Жалкая
Шрифт:
— Я знаю, — выводит меня из оцепенения Дороти.
Я вздергиваю бровь.
— Что знаешь?
Она придвигается ближе ко мне.
— Ты пялишься на мою сестру. Она другая. Многие люди называют её неприветливой. Она не часто выходит в свет.
— Оу?
— Но это не её вина. Наша мама, она… она не слишком хорошо относилась к Эви, понимаешь? Это вызвало много проблем, — она постучала себя по голове. — Вот тут.
Желание продолжать задавать вопросы, узнать всё об Эвелин Уэстерли, очень сильное, но я сдерживаю себя, не зная, хочу ли я знать из-за дела или потому, что она под моей кожей;
Никогда не было никого, кто бы так на меня влиял. Именно по этой причине я подошел к ней в клубе, и определенно по этой причине я трахнул её на грязном кафеле в уборной, пока она кричала мне в рот.
Мои глаза следят за Эвелин и Зиком, пока они идут к столу, его рука обнимает ее плечи, а уголок её губ украшает лёгкая ухмылка. Раздражение проскальзывает сквозь меня, когда я оцениваю их совместимость. Ей спокойно с ним. Она доверяет ему.

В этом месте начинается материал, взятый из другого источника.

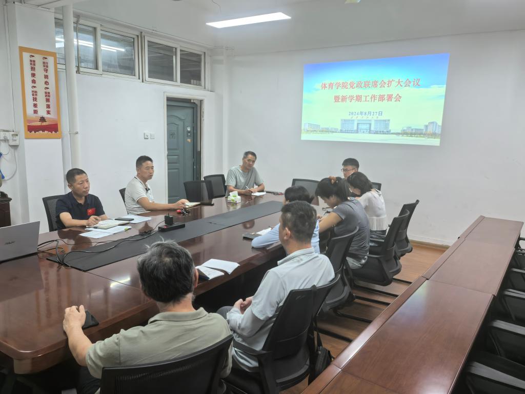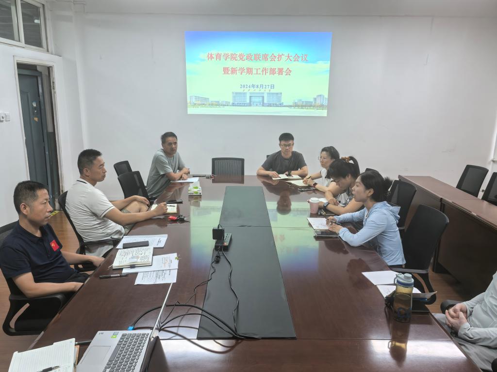 会上,各办公室主任和各专业(课程)负责人首先就2024级本科新生及研究生录取情况、迎新工作安排、教学工作准备、学生实习实践、研究生导师选择、体育场地(设备)及安全检查、学生运动监测设备调试安装等相关工作进行了汇报。随后,与会人员并就新学期的党建工作、师资队伍建设、实验室建设、办公资源调整、学生考研率提升、对外合作交流等工作进行了交流讨论。

Они встречаются? Он слишком стар для неё.
Как только они подходят к нам, наши взгляды встречаются, и у меня сжимается челюсть, когда она первой проскальзывает в кабину, втискиваясь между деревянными панелями и Зиком, который садится рядом с ней.
Рука касается моей руки и выводит меня из состояния задумчивости, и я смотрю на Дороти, вспоминая, где нахожусь и, самое главное, что должен делать.
Теперь ты Брейден.
— Ты голоден? — спрашивает Дороти, ухмылка расползается по её лицу.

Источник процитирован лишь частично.